Ms K also confirmed most of the evidence led on Monday by former High-Level Review Panel chairperson Sydney Mufamadi, including abuse in setting up operations to fulfil functions that were already catered for by other departments, such as the SA Police Service (SAPS) and SA National Defence Force (SANDF).
Essentially, said Ms K, SSA created a “private force” for the protection and advancement of Zuma’s interests.
This force comprised operatives who were recruited by Dlomo before he was employed at SSA.
None of the agents were formally employed by the agency.
“The evidence at our disposal is that these people were given contracts, but when we analysed those contracts no-one had signed on behalf of SSA. I am not sure if that is legal. I do not think they were formally employed by SSA,” she said.

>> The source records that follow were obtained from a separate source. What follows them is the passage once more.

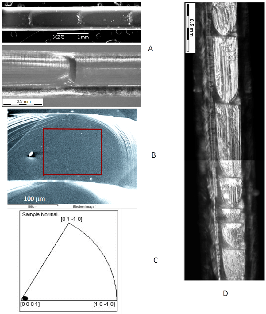 Optical microphotograph (A bottom, D) and SEM image (B) of a sapphire SC fiber grown along axis [110]: (A) general view of flat faces; (B) SEM image of one of the flat planes, with the region of the EBSD-measurement pointed out by a rectangle; (C) polar figure after JSM-5910LV (JEOL) software; (D) general view of the defected faces (combination of several photos along the sapphire fiber).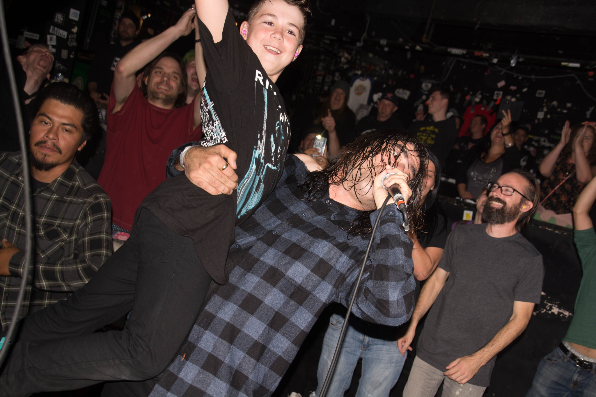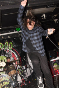 The Famished opened the night. This Seattle quartet was one I’d never seen nor heard of, but I was very impressed with their performance. Vocalist Walker White was fascinating as he strutted and staggered about the stage, growling and screaming into the mic. Their drummer (Chris Sorensen) looked like Santa Clause vacationing in Hawaii and never seemed to break a sweat despite the band’s hard driving sound. Their bass player (Jake Carden) resembled a young Jimmy Page. Add Ethan Overton on guitar and what emerged was some hard core punk to some more pop punk sounds. I hope these guys play around town some more. I really enjoyed their set.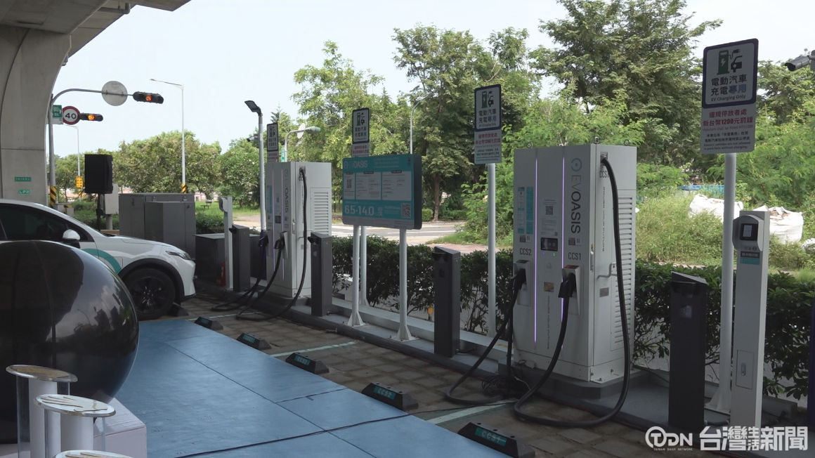 ▲臺南市首批6處快充站,共計18席180KW充電車格正式上線。/記者 陳嘉升攝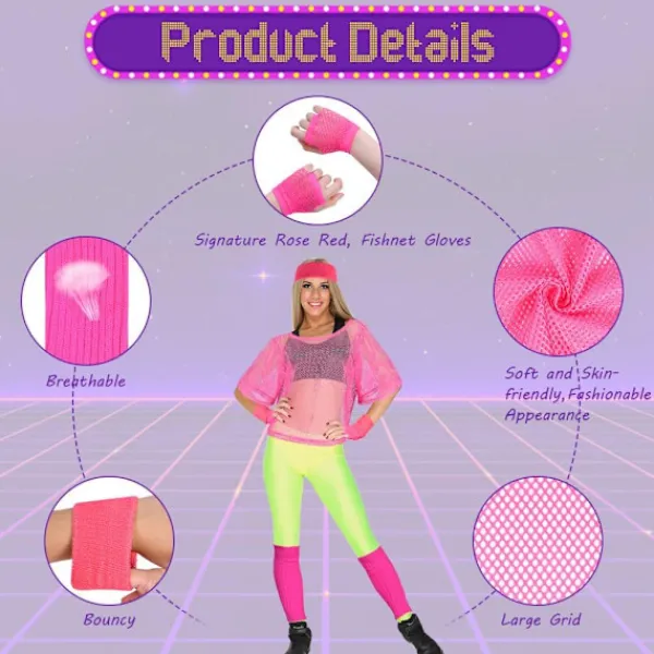 💕【Trendig ljus stil】Detta 80-tals tillbehörssats hjälper retro-trendälskare att återvända till 1980-talet. Den ljusa färgen och den eleganta dekorationen gör att du ser ljus och attraktiv ut, så vänner kan enkelt hitta dig när det är många människor där, du kommer att vara mer iögonfallande på 80-tals retro-trendfester och öka glädjen i sammankomster eller sporter.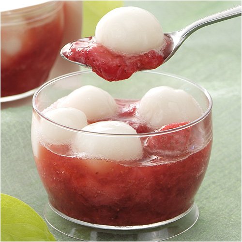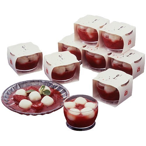 原材料:苺・砂糖・白玉粉・トレハロース・澱粉・増粘多糖類・酵素(大豆由来、卵由来)・乳化剤・安定剤(タマリンドガム)(原材料の一部に牛由来、乳糖を含む)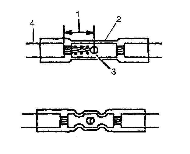 9. Insert the wires into the splice sleeve until the wire hits the barrel stop. The splice sleeve has a stop in the middle of the barrel in order to prevent the wire from passing through the splice (3).
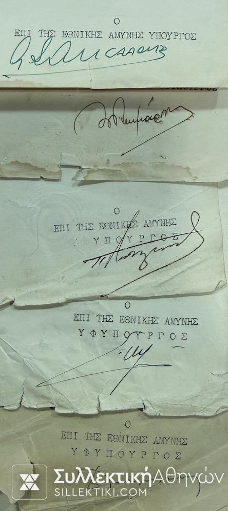 5 ιστορικά έγγραφα εποχής Βασιλέως Παύλου με 5 διαφορετικές υπογραφές από τους εκάστοτε υπουργούς και υφυπουργούς Εθνικής Αμύνης, υπογραφή της Βασίλισσας Φρειδερίκης και (σφραγίδα) υπογραφή του Παύλου.
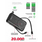 Powerbanka disponuje kapacitou 20.000 mAh, což zaručí, že na svých cestách budete mít veliký dostatek energie vždy při sobě. Výhodou je, že powerbanka vůči její kapacitě nezabírá velké množství místa. Rozměry: 129 x 73 x 30 mm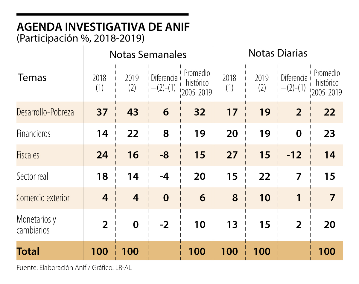 Consistente con lo anterior, a lo largo de 2019, la agenda investigativa de Anif se concentró en los temas de desarrollo-pobreza (incluyendo las aristas sociales y de desigualdad del ingreso) y financieros. En efecto, el 43% de las notas semanales de 2019 se dedicó a los temas de desarrollo-pobreza (superando el promedio histórico del 32% del período 2005-2019), ver cuadro adjunto. A nivel de las notas diarias, estos temas representaron un 19% del total (algo inferior al 22% histórico). Aquí se destacaron los análisis del Plan Nacional de Desarrollo 2018-2022 (ver Informes Semanales No. 1445 de enero y 1468 de julio de 2019) y de los desafíos de competitividad que implica tener una “Economía Encajonada” (ver Informe Semanal No. 1472 de agosto de 2019). Adicionalmente, sobresalen los ejercicios de visión retrospectiva (2005-2019) que realizó Anif sobre sus análisis en diversos frentes laborales-sociales, tributarios-fiscales y de infraestructura, así como sus recomendaciones de agenda pendiente (2020-2022), ver Informes Semanales No. 1485 y 1487 de noviembre y 1489 de diciembre de 2019. Siendo estas notas una suerte de “memorias” del cierre de la Dirección del Dr. Sergio Clavijo durante 2005-2019.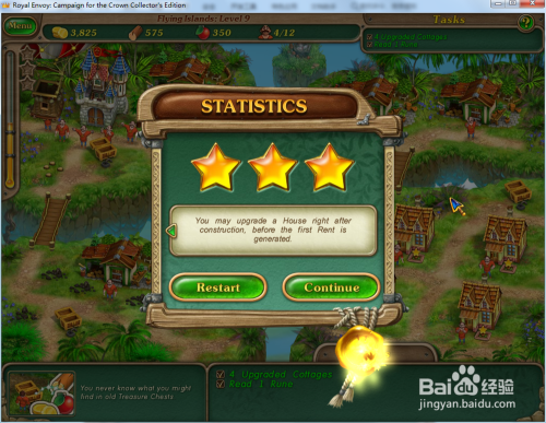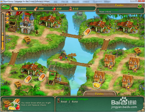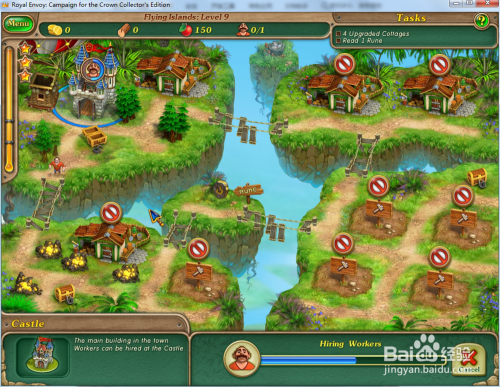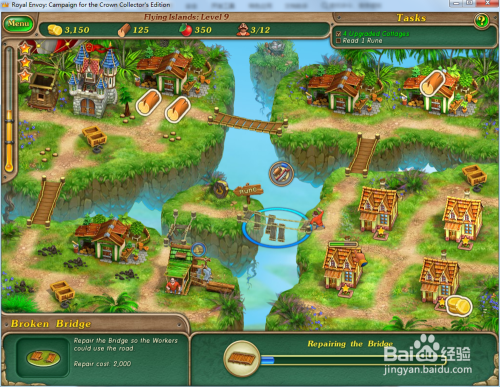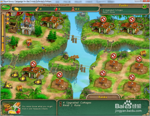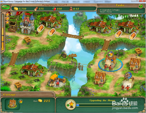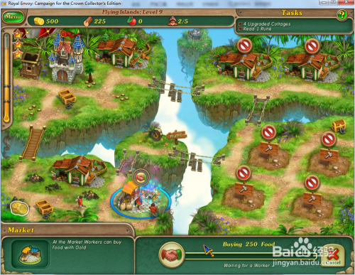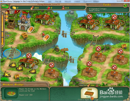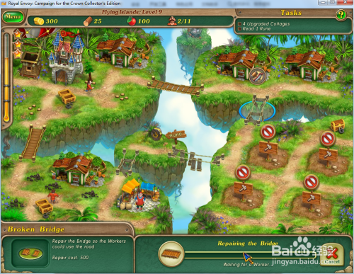 修复上方的木桥,然后操纵工人在右下方的空位上建造4座小屋并进级小屋。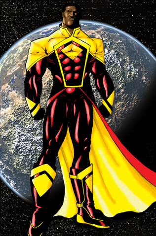 Never heard of this guy before. Not a great design, although i like the cape and the gold bands. They seem to have gone a bit mad with the african colour scheme, there's at least one to many in my opinion. You did a grat job though!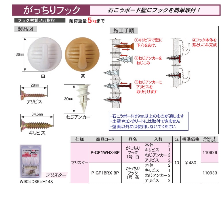ダンドリビス がっちりフック (石こうボード壁にフックを簡単取付!)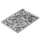 "Patterns Run Amok, 4" is the fourth in a series of black and white whimsical designs featuring a hand-drawn outline that's then filled in with repeating patterns. Circles, rings, squares, bulls-eye, targets, flowers and more are interspersed over the surface in an unpredictable array.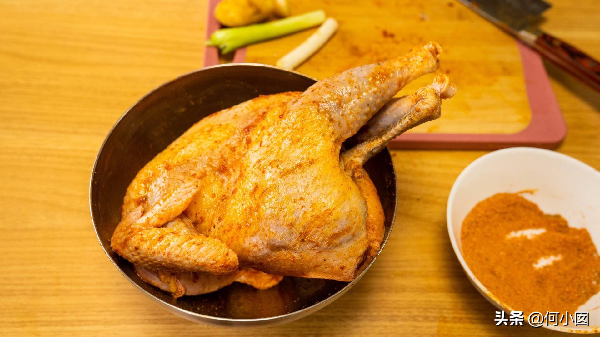 原料:鸡一只,不要选太大太肥的鸡,烤出来会油腻不好吃,也不能选太瘦的,烤出来会比较柴,也不好吃,选一只大概在2.5-3.5斤净重的鸡,最好是活鸡宰杀,如果没有用冷鲜的也可以,不要用冻货,口感不行,鸡让摊位老板处理好,不开膛,做整鸡的,挑选的时候选嫩鸡最好,尽量不要选老鸡、土鸡,会导致蒸的时间太长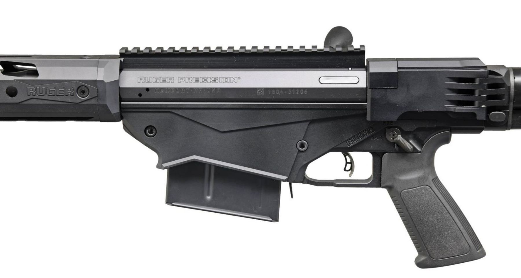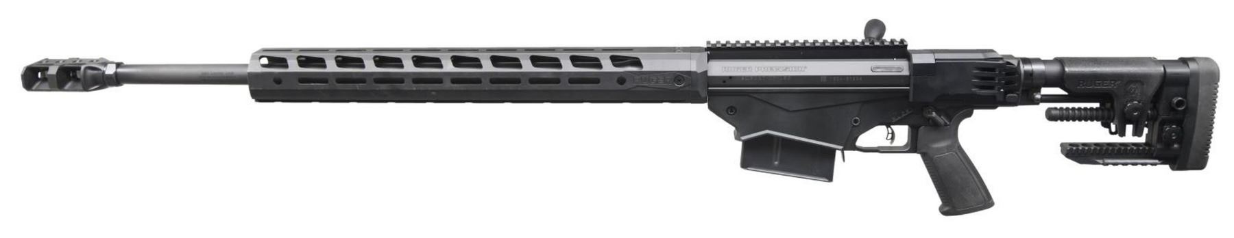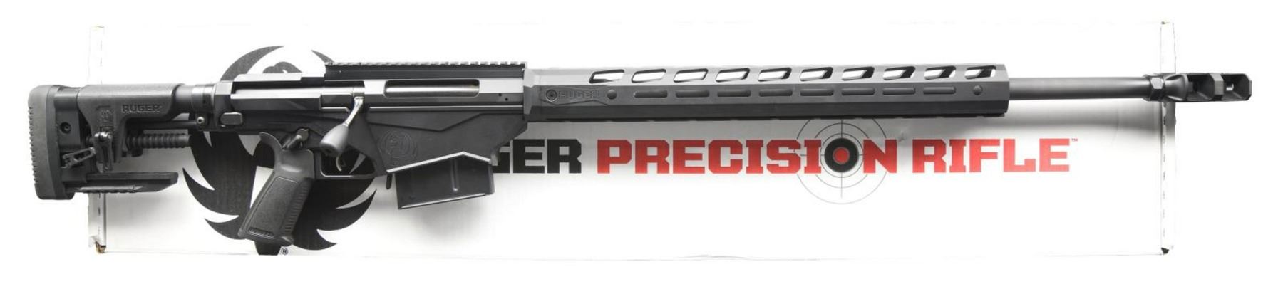 RIFLE. Cal. 338 Lapua Mag. S# 1804-31206. Bbl. 26". Matte black finish. Magazine fed, precision bolt action rifle. Cold hammer-forged, chrome-moly steel barrel with 5R Rifling. 18" aluminum free-float handguard is black hard-coat anodized aluminum and features M-LOK slots on all four sides. 8" picatinny rail for optic mounting. Enlarged bolt handle. Ambidextrous safety. Left side folding, adjustable shoulder stock w/ adjustable cheek piece & length of pull. Ruger Marksman adjustable trigger. MAGS: 2 steel 5 rd. UNATTACHED ACCESSORIES: Factory box & paperwork. CONDITION: As new in box. Never sold retail. Bright bore w/ strong rifling. PROVENANCE: The Collection of Gun Sport Ltd. owned by Jon R. Thomas. (23-3222/JZ). MODERN. $1,000-2,000.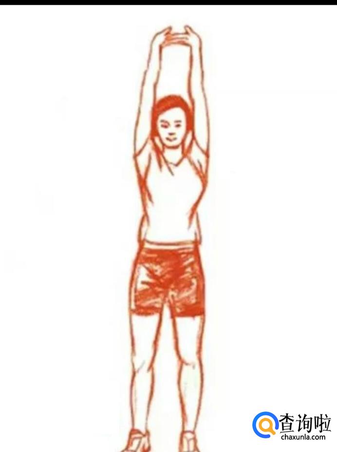 双手交叉互握,向头顶上方伸直,维持数秒。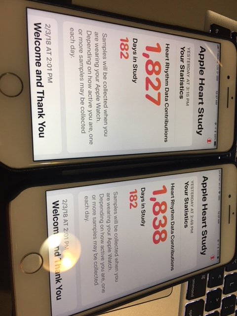 My backups are encrypted so maybe that is why I was able to restore the Apple study to all the phones. Screencap shows my 7+ and 8+ with the app showing the current stats and start date. The stats are just a bit different because I wore the watch with my 8+ today so they haven't quite synced up yet to show the same stats.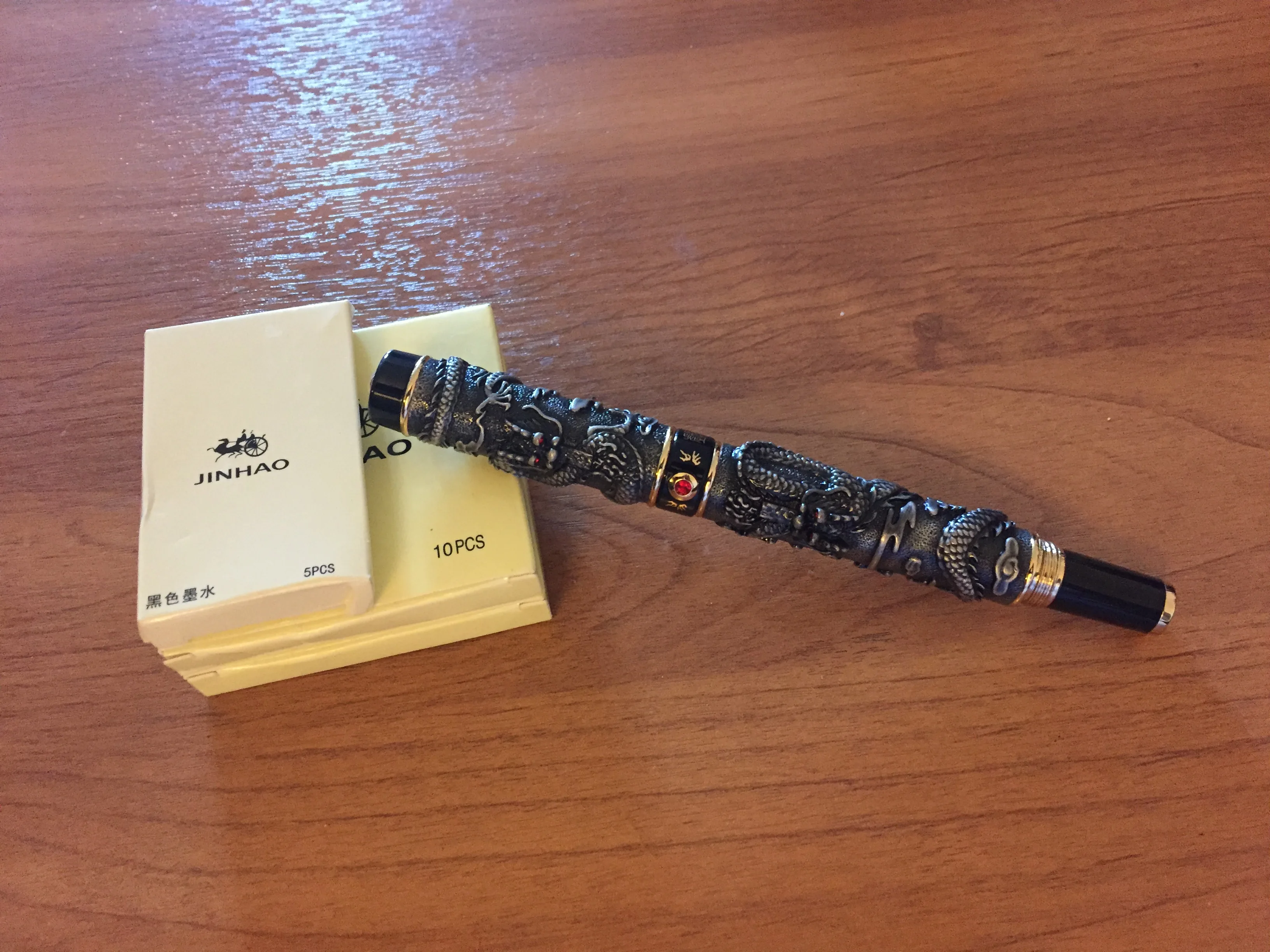 luxury brand quality JINHAO DRAGON FOUNTAIN PEN BROAD Relief Sculpture PLAY THE PEARL Stationery school supplies ink pens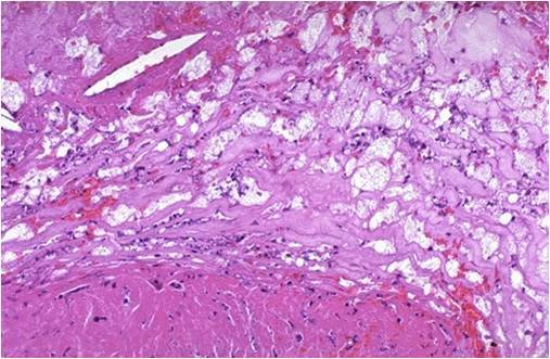 This high magnification of the atheroma shows numerous foam cells and an occasional cholesterol cleft. A few dark blue inflammatory cells are scattered within the atheroma.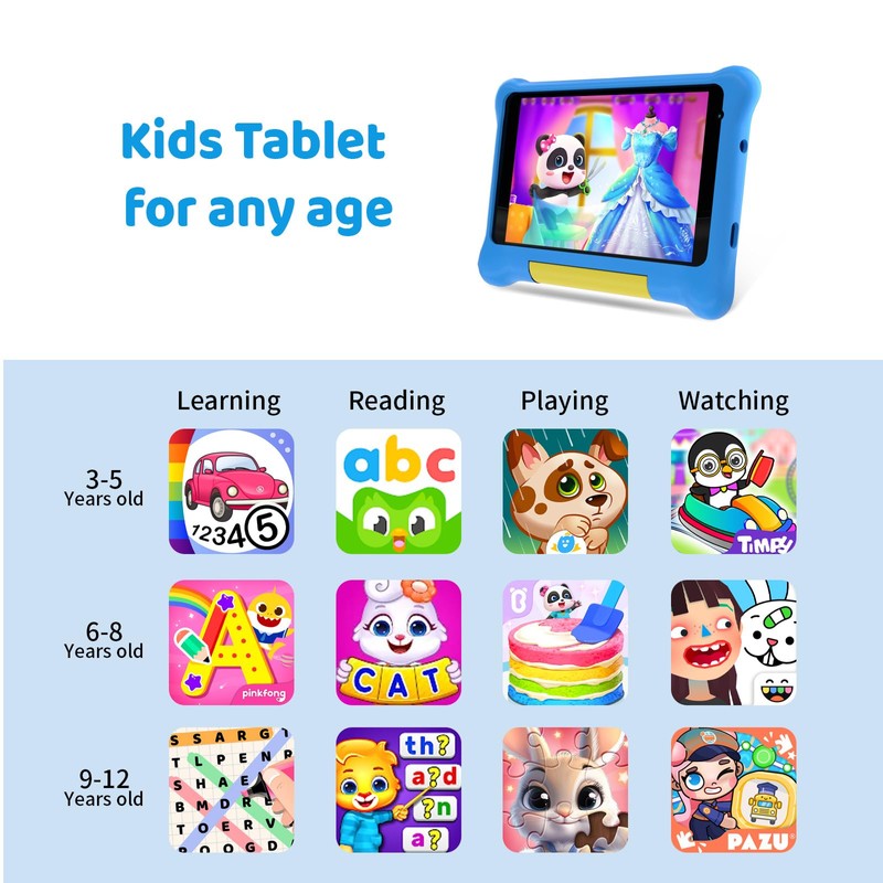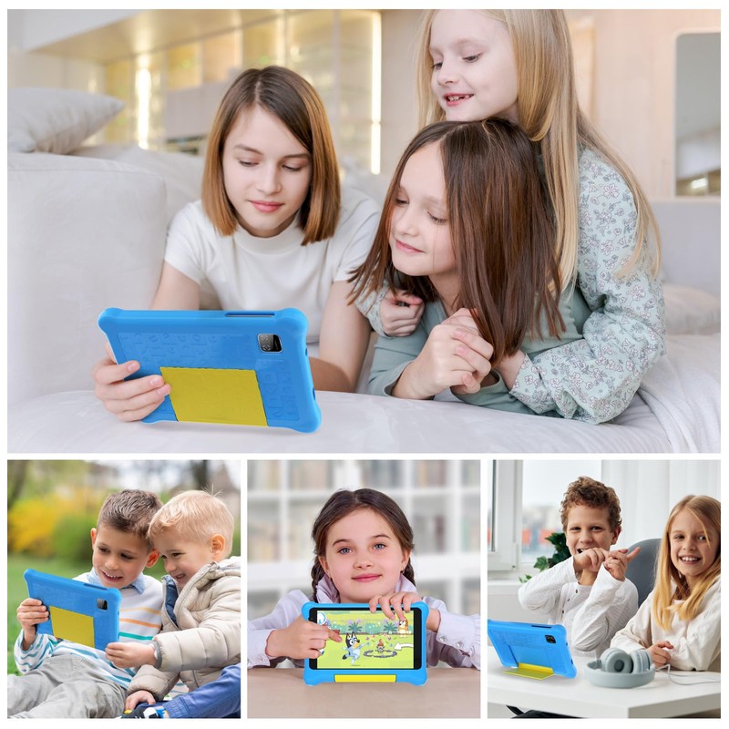 - ❥🎨【Kids Tablet with Shockproof Case】The kids tablet comes with a durable kidproof case that protects the tablet from scratches, dirt and bumps, drops and dust. Don't worry that your kids will broke the kids tablet easily. Built-in stand on the back allow your kids don't need to hold the tablet all the time while they study, watch, and play, convenient for carrying anywhere.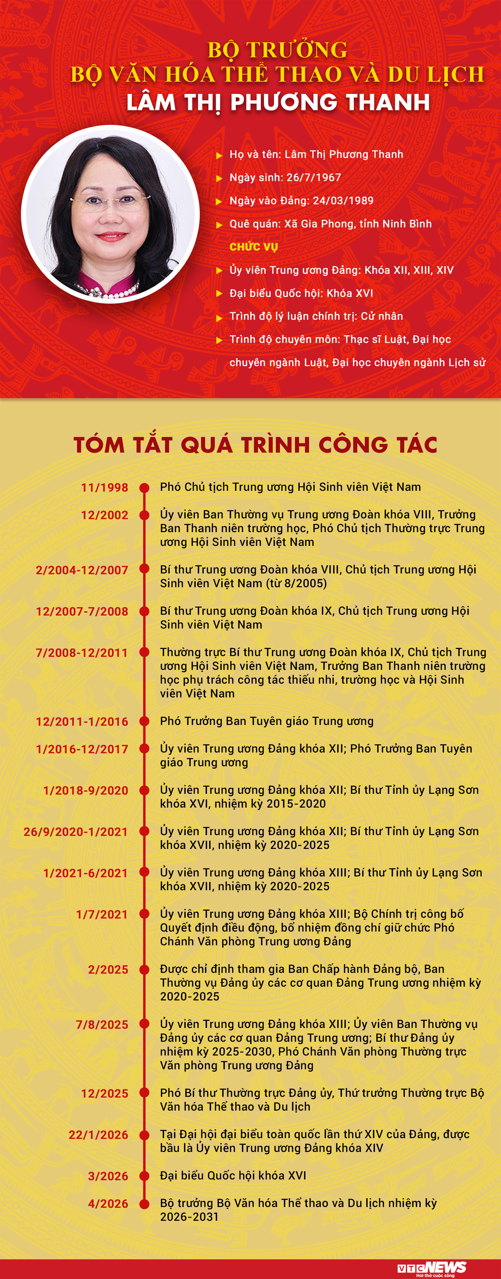 Infographic: Sự nghiệp Bộ trưởng Bộ VH-TT&DL Lâm Thị Phương Thanh

Despite this, the agency financed and armed this group at taxpayers’ expense. They reported to Dlomo, who sometimes gave them the green light to report to Zuma directly.
“Some people that we interviewed said they reported directly to president Zuma. One of them even said they felt powerful,” said Ms K.
Meanwhile, state security minister Ayanda Dlodlo vowed to keep a close watch on developments at the Zondo commission after her unsuccessful bid to block her department’s acting director-general (DG) from leading damning evidence against the institution.
In a statement on Wednesday, Dlodlo said she “has decided to reserve the right to file a formal substantive application to the commission”.
This was after the commission of inquiry into state capture, headed by deputy chief justice Raymond Zondo, on Tuesday threw out an application by Dlodlo to block SSA acting DG Loyiso Jafta from presenting evidence before the inquiry, arguing that allowing him to do so would compromise national security.
Zondo rejected that argument and allowed Jafta to proceed with his evidence, which painted a grim picture of the state of the SSA and how its resources, including hundreds of millions of rand, were abused for the alleged benefit of Zuma, his cronies and members of his ANC faction.
Dlodlo on Wednesday said she attempted to block Jafta from testifying because she wanted him to brief her first so she could inform President Cyril Ramaphosa on the situation. She said it was not an attempt to frustrate the commission’s work.
“Ms Dlodlo will continue to observe the proceedings of the commission as it relates to the evidence of state security personnel,” her spokesperson Mava Scott said.